We’ll define all of the fields (minus the time column we dropped earlier and the target class) to the X dataframe and the class values to the y dataframe. Next we need to split our data into the train and test datasets. We’ll use the train data set to train the model and we’ll hold back the test data set. Once the model has been trained, we can then verify it’s performance by using it to predict the outcome from the test data set, for which it has not previously seen the answers. The train_test_split() function allows you to perform this step.

It’s common to set the test_size to a value of 0.2 to 0.33, which assigns 20% or 33% to the test group. The random_state value ensures reproducibility, shuffle, ensures the data are jumbled up, just in case all the fraudulent orders sit together within the data, and stratify ensures we have the same percentage of fraudulent orders in both the train and test datasets.

X = df.drop('class', axis=1)
y = df['class']
X_train, X_test, y_train, y_test = train_test_split(X, y, 
                                                    test_size=0.3, 
                                                    random_state=0, 
                                                    shuffle=True, 
                                                    stratify=y)
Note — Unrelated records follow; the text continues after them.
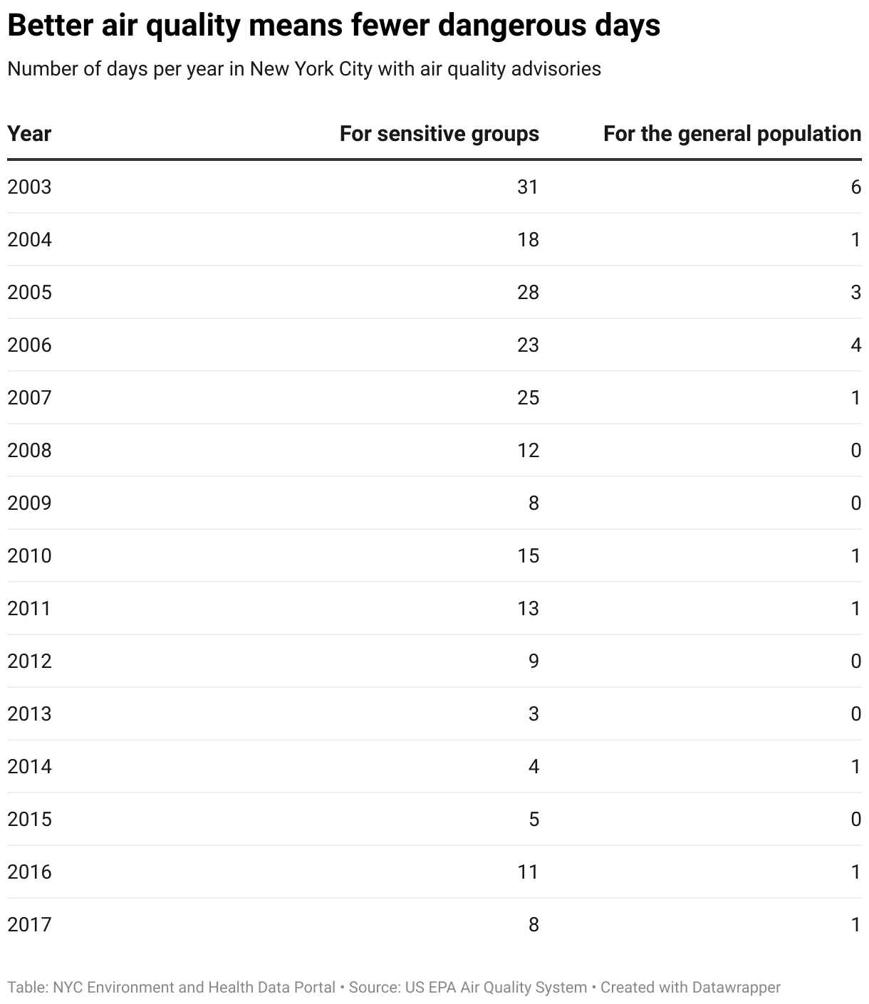 Over the years, though, the number of advisory days has gone down. That’s good news for everyone who breathes.
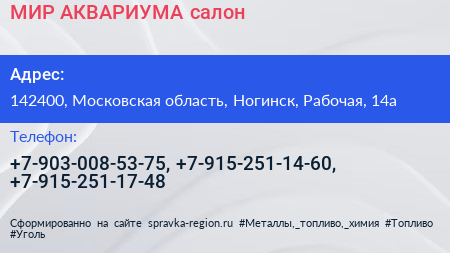 МИР АКВАРИУМА, салон по адресу 142400, Московская область, Ногинск, Рабочая, 14а в дальнейшем Организация, размещена в следующих категориях: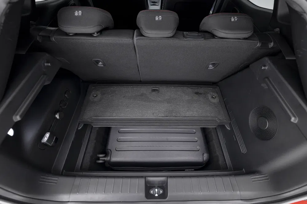 Fini le double écran de 12,3 pouces que l’on retrouve dans pratiquement toutes les autres Hyundai. La Ioniq 3 profite, en effet, d’un unique grand écran central de 12,9 pouces ou de 14,6 pouces en fonction de son niveau de finition. Ce dernier fonctionne également sous un système d'infodivertissement baptisé Pleos Connect et basé sur Android Automotive. Il est également associé à un petit combiné d’instruments digital situé sur le dessus de la planche de bord permettant de se passer d’affichage tête haute. La Hyundai Ioniq 3 conserve également une série de commandes physiques permettant de régler rapidement volume et climatisation. L’autre belle surprise à bord de la compacte sud-coréenne, c’est son coffre de 441 litres en configuration 5 places comprenant une Megabox de 119 l ! Voilà qui devrait largement compenser l’absence de frunk.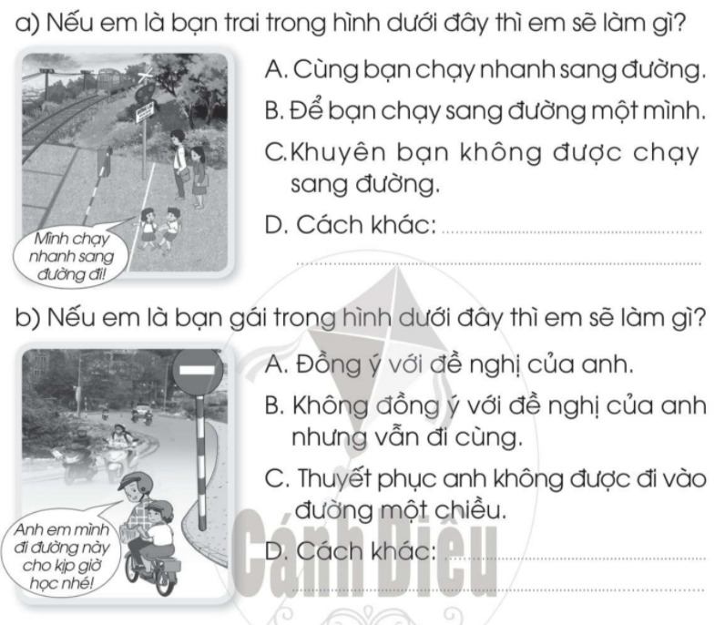 a. Nếu là bạn trai trong hình, em sẽ khuyên bạn không được chạy sang đường
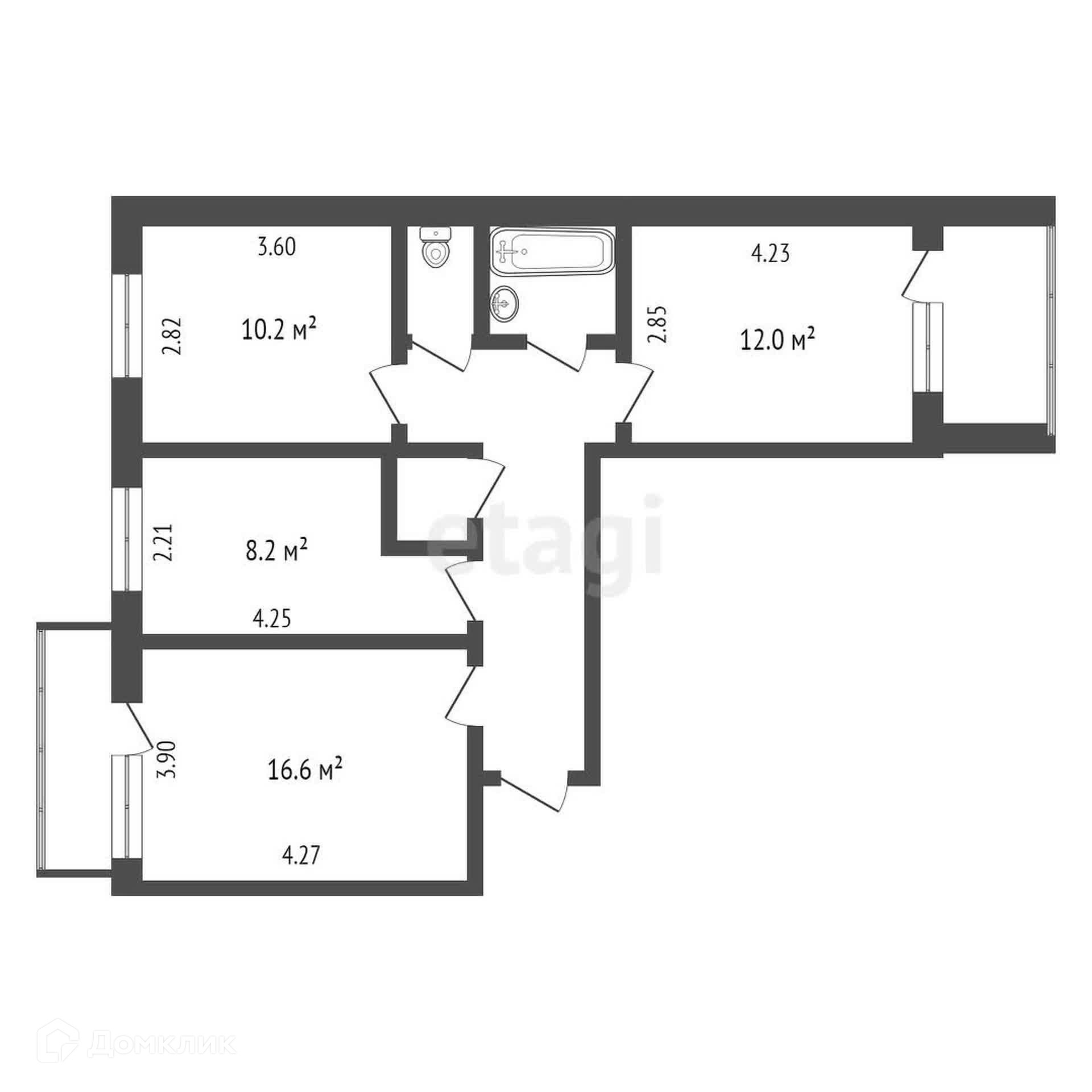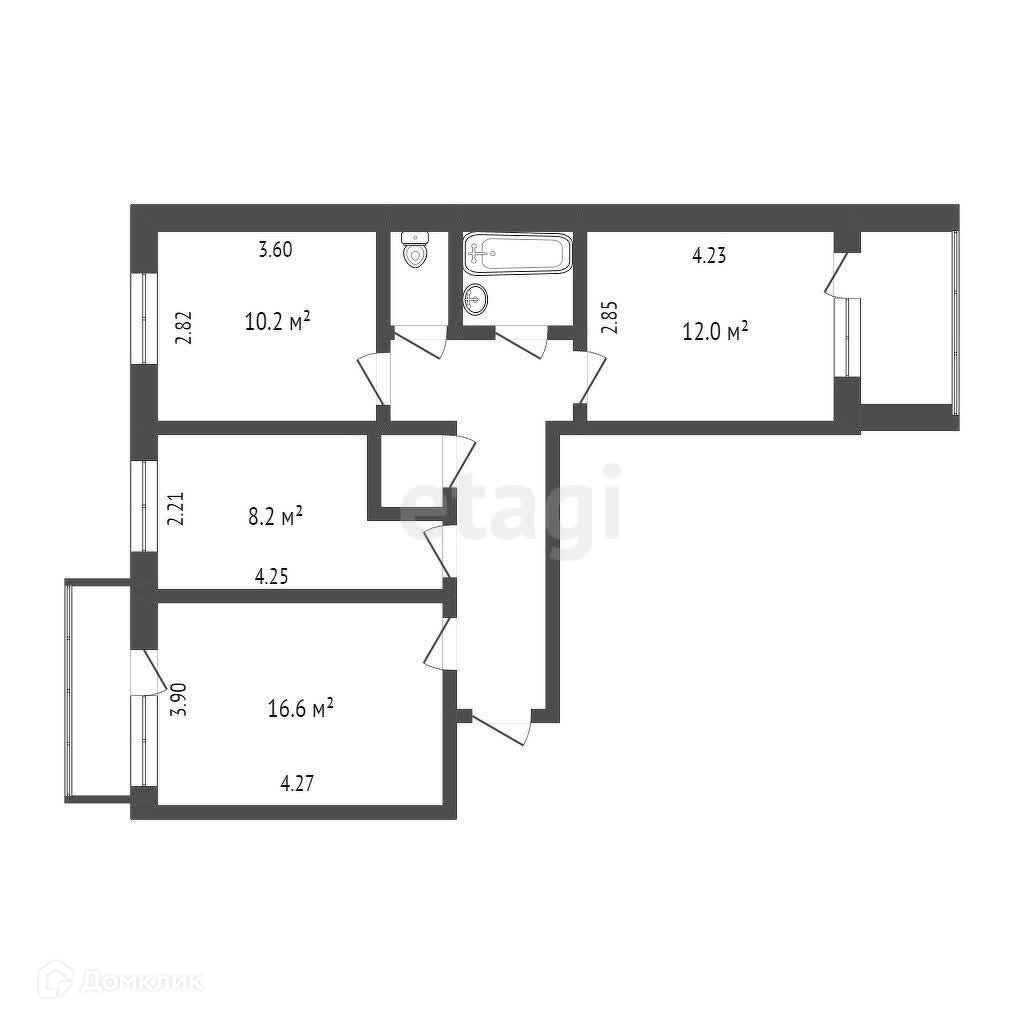 Продается 3-х комнатная квартира площадью 62,1кв.м в 5-ти этажном доме на 4-м этаже.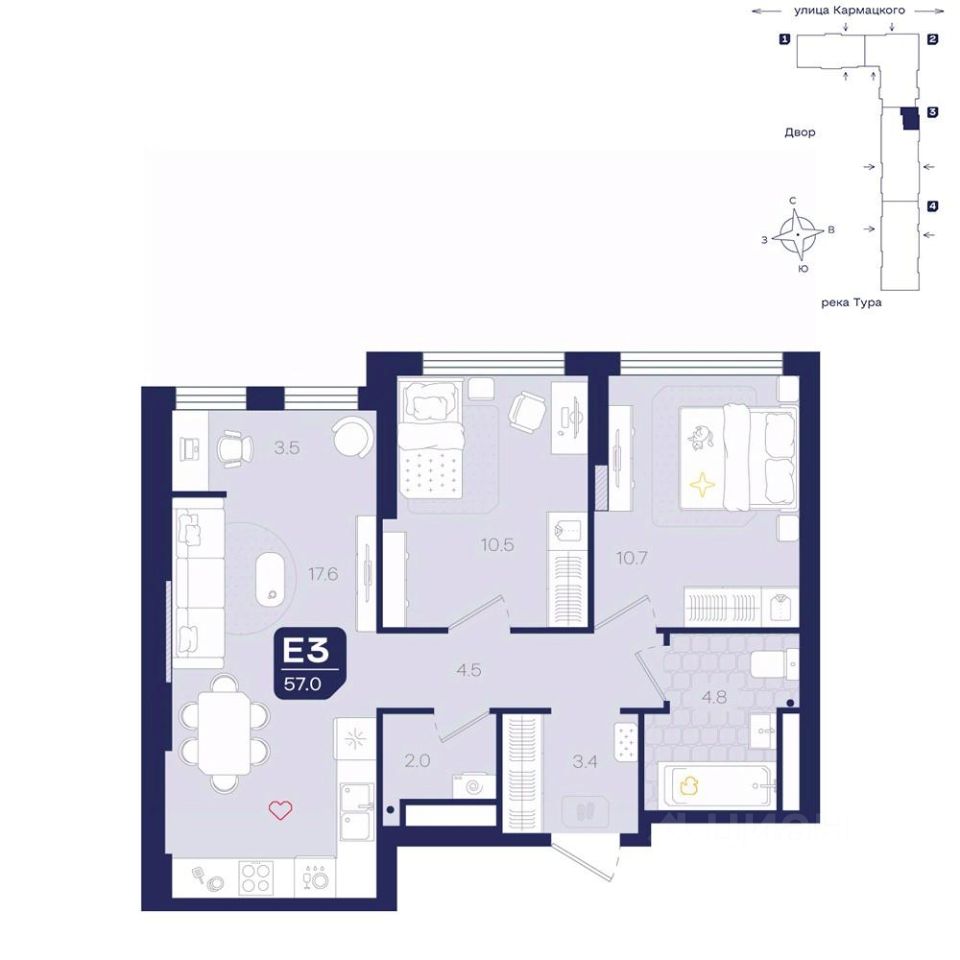 трехкомнатная квартира предлагает идеальное сочетание современного дизайна и функциональности.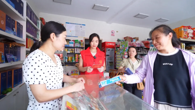 2025年6月25日,监利市荒湖管理区文明实践志愿者引导群众在“美丽荒湖爱心积分兑换超市”兑换奖品。李超 摄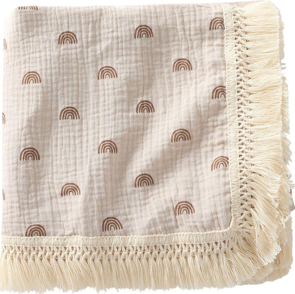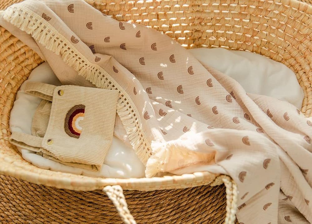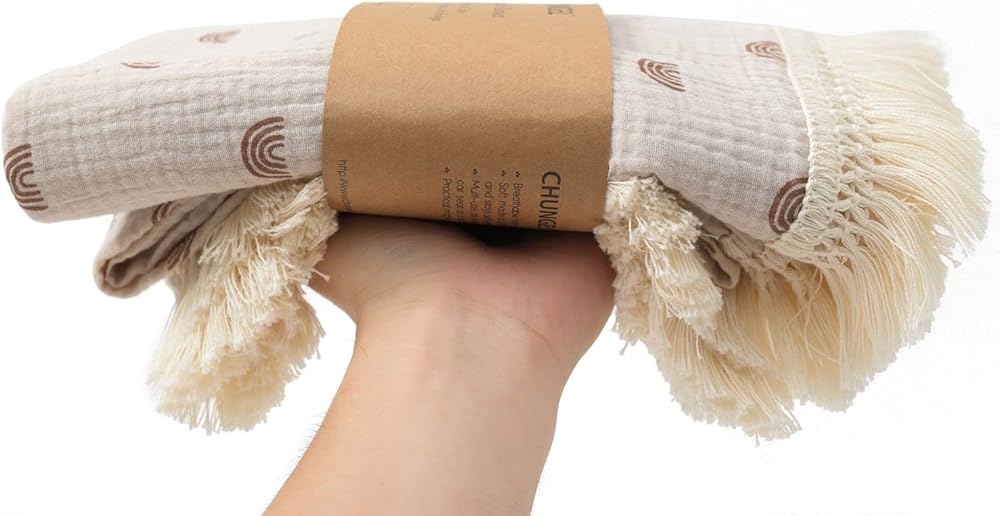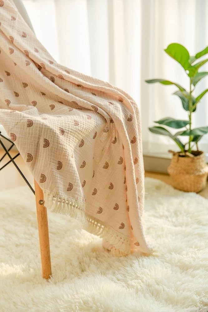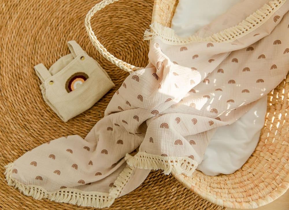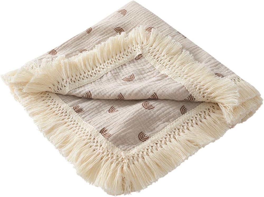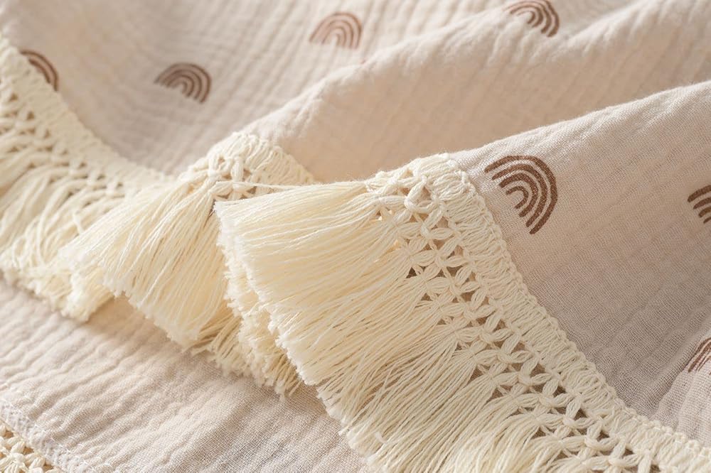 بطانيات الموسلين ذات الشراشيب الخاصة بنا مصنوعة من قماش الشاش المزدوج القطني بنسبة 100%، وهي ناعمة وذات ملمس مجعد، مما يضمن أن هذه البطانية جيدة التهوية وناعمة وخفيفة الوزن. يستمر في الحصول على نعومة أكبر مع كل غسلة.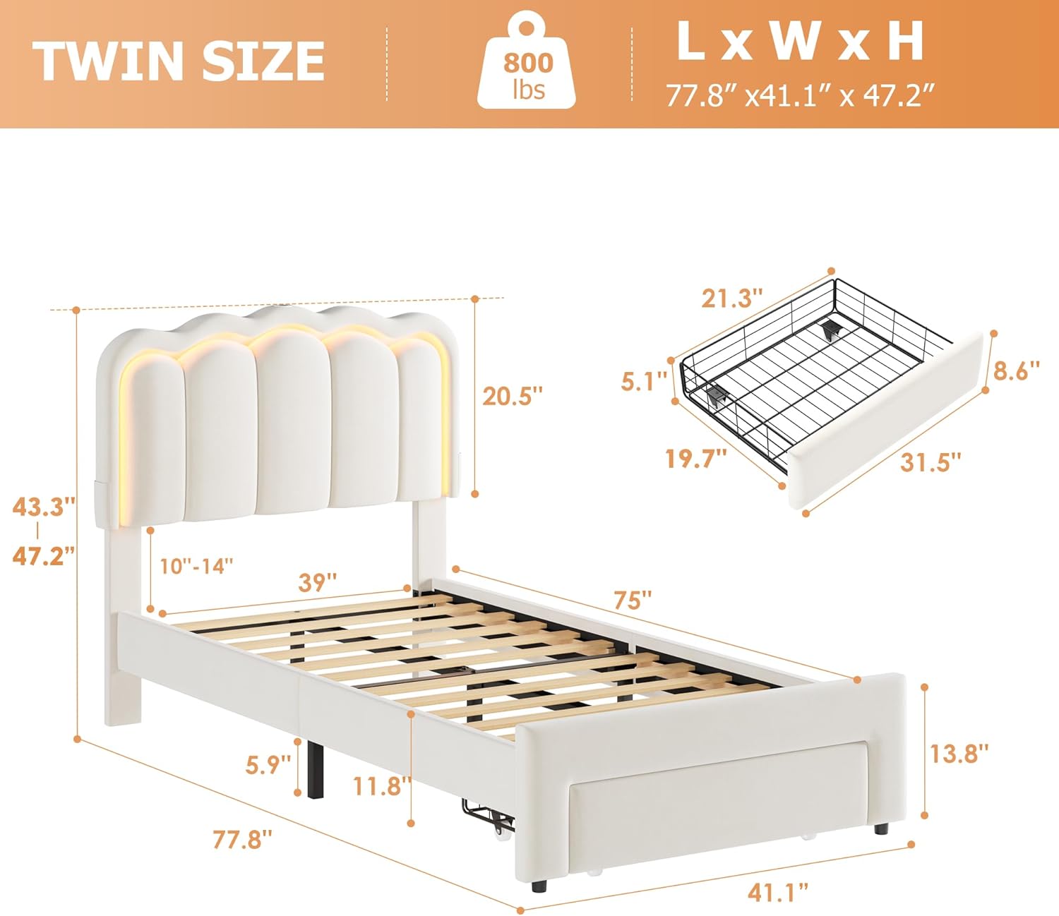 - TWIN BED FRAME WITH STORAGE DRAWER: This beige twin bed frame for kids maximizes space with a large, silent-glide drawer at the footboard for easy storage. The EVA-free barrier design keeps the drawer securely in place without making it hard to pull. With 6 inches of clearance on each side, this twin bed frame girls offers extra space for storage and easy cleaning, plus the air circulation keeps the mattress fresher for longer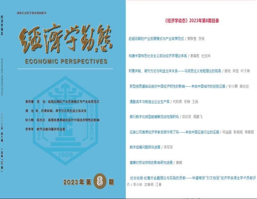 304am永利集团官网谢地教授、304am永利集团官网博士研究生荣莹、商学院博士研究生叶子祺在《经济学动态》2023年第8期发表封面文章,题为“积累体制、调节方式与利益主体关系:马克思主义地租理论的视角”。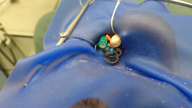 tu prends une bague de cuivre , tu mets de la resine auto dedans et tu l enfonce sur le moignon en faisant un chapeau sur le haut . environ 30s + 1mn pour durcir la resine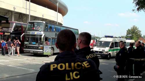 中新網(wǎng)布拉格8月21日電 滯留在捷克首都布拉格的塞爾維亞貝爾格萊德紅星隊球迷21日已全部離開布拉格回國。當?shù)貢r間21日下午15時30分(北京時間21日下午21時30分)最后一批球迷分乘5輛大客車在警車“護送”下駛離布拉格伊甸園體育館。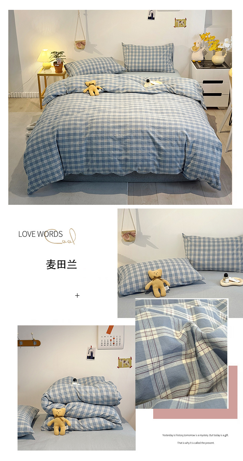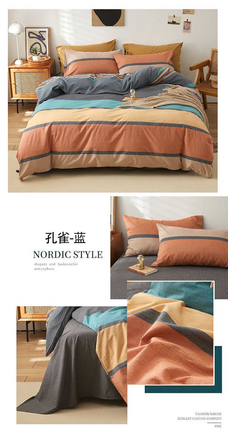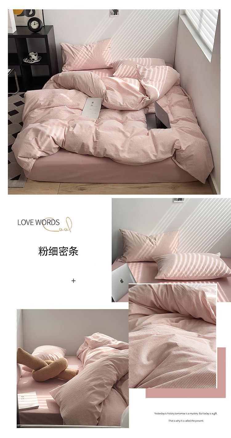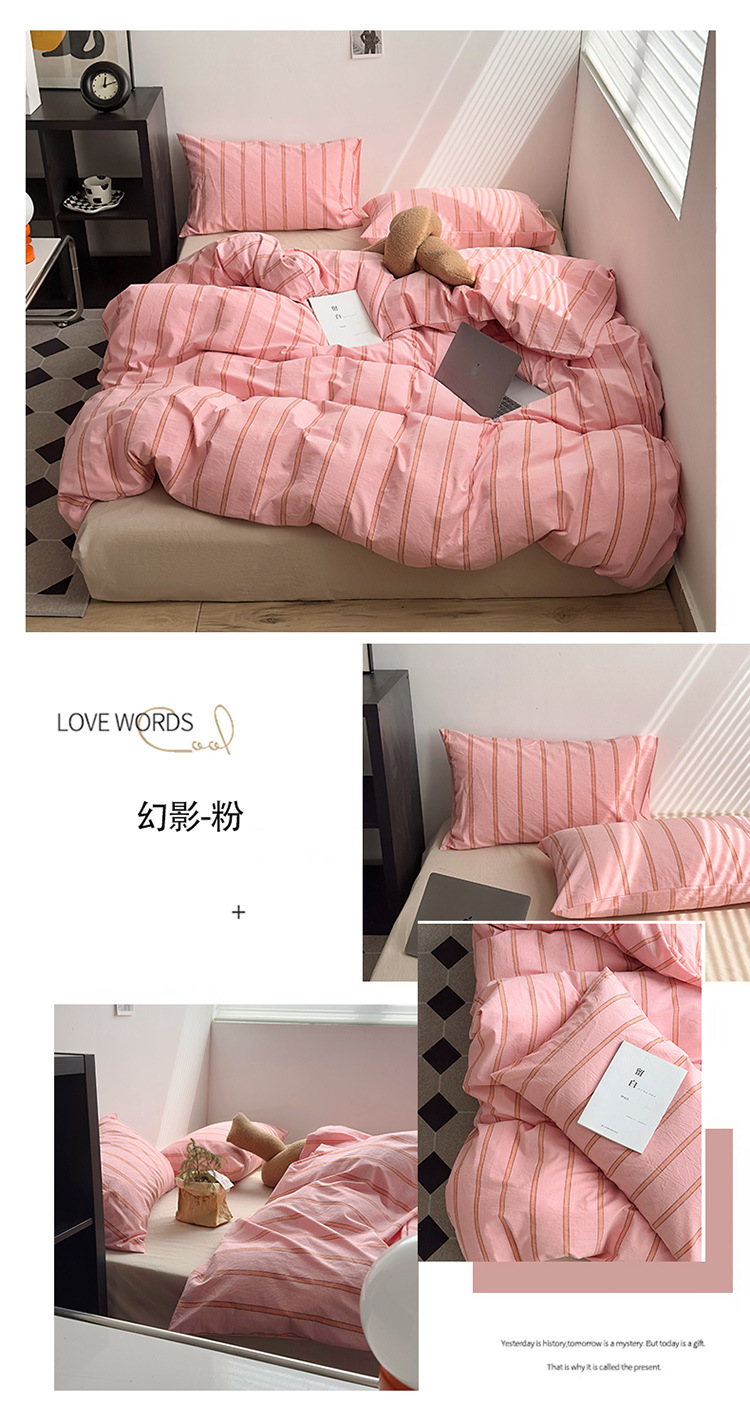 厂家直销无印全棉四件套纯棉色织水洗棉床上宿舍简约条纹良品床笠

Selecting the right performance metric

Before we get started, we need to figure out which is the best metric to use to measure the performance of our model. This data set is extremely imbalanced, so you can’t use a metric like accuracy. For example, if a model predicted the minority class every time, it would still reach 99.826% accuracy, which seems good, but it completely fails to detect any fraudulent orders, defeating the object of the task entirely.

The area under the Receiver Operating Characteristic curve or AUROC (or AUC/ROC) is commonly used to evaluate classification models. It’s much better to use than accuracy on imbalanced data because it uses the true positive rate and the true negative rate. However, it’s not always ideal to use on extremely imbalanced datasets in which you aim most to identify the positive class - i.e. people placing fraudulent orders, terrorists, or people suffering from some nasty disease.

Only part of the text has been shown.